Chemical transformations reactions, such as the cation exchange reaction, have been one of the most exciting means of studying and post-synthetically modifying nanocrystals. These reactions can create atomic arrangements that are impossible to reach in bulk materials due to kinetic limitations, and these reactions are believed to enhance diffusion beyond bulk-derived limits. In this talk I’ll first discuss cation exchange induced accelerated diffusion and then cation exchange to form a dual-interfaced heteroepitaxy.

The phenomenology of solid-state transformations and diffusion at short length scales remains poorly understood but is increasingly important for nanostructured devices that utilize “nano properties”. Using in-situ synchrotron x‑ray diffraction (XRD), we directly interrogate the structure and reaction kinetics of lead sulfide (PbS) nanocrystals transforming into cadmium sulfide (CdS) through cation exchange. The epitaxial relationship of zincblende CdS to rocksalt PbS breaks the overall symmetry of the core-shell nanocrystal without requiring the loss of unit cell symmetry, leading to anomalous peak shifts in the diffraction pattern. The magnitude of the interdiffusion coefficient, D̃, is larger by four orders of magnitude or more compared to the slowest diffusing species in our system (self-diffusion of Cd in CdS). This surprising result suggests interdiffusion is enhanced in nanocrystals. These results illustrate that the distinction between chemical diffusion in a potential gradient and diffusion at thermodynamic equilibrium has not been fully appreciated.

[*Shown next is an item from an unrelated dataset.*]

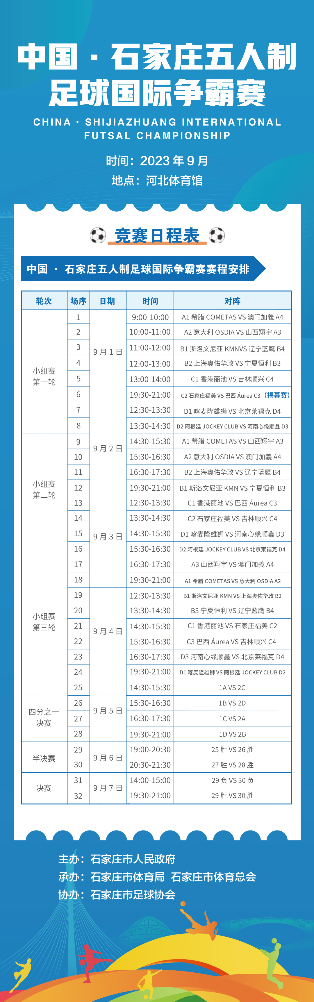 赛程7天,共进行6轮32场比赛,每场较量都扣人心弦、激情四射。火热赛事间隙,多项兼具娱乐性和互动性的现场活动穿插其中,摇滚乐队、足球宝贝、文体展演嗨翻全场、燃爆省会。9月1日19:30的揭幕大战,将由石家庄福美足球队对阵巴西里约热内卢Áurea足球队,知名足球评论员刘建宏担任揭幕赛现场解说。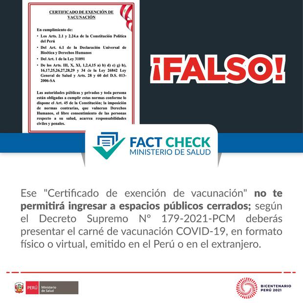 Al respecto, el titular de Salud explicó que existen casos excepcionales de personas que no pueden vacunarse contra el coronavirus en el país. “Son realmente excepciones muy puntuales que pueden condicionar el no vacunarse frente a una enfermedad. (...) Esas excepciones las tiene que dar definitivamente el médico tratante. No podemos decir que en este momento tal persona sí se debe o no se debe vacunar. Pero por supuesto el médico tratante establece el diagnóstico y el Minsa lo valida sin ningún tipo de dudas, aseguró.

Additionally, through a cation exchange reaction on copper sulfide nanoparticles we have created dual interface Cu_2-xS-ZnS heterostructures, with a metastable Cu_2-xS layer. The copper sulfide phase region can be tuned to form two-dimensional (2D), single atomic layers (<1 nm). As the nanoparticles transform, we observe a solid-solid phase transformation of the copper sulfide phase from the initial low-copper phase Cu_1.8S into a higher copper phase djurleite (Cu_1.94S), but as the epitaxial strain increases a second phase transformation back to roxbyite Cu_1.8S occurs to minimize strain energy. This work demonstrates novel routes to metastable phases through strain stabilization. The copper sulfide can be etched with phosphines in oxidizing conditions. Importantly, this etching reaction is capable of removing Cu_2-xS from Cu_2-xS-ZnS epitaxial heterostructures with perfect selectivity, that is, the phosphines completely remove the Cu_2-xS without disturbing the ZnS. The etching reaction is preceded by abstraction of sulfur from the particles, destabilizing the Cu_1.81S roxbyite phase.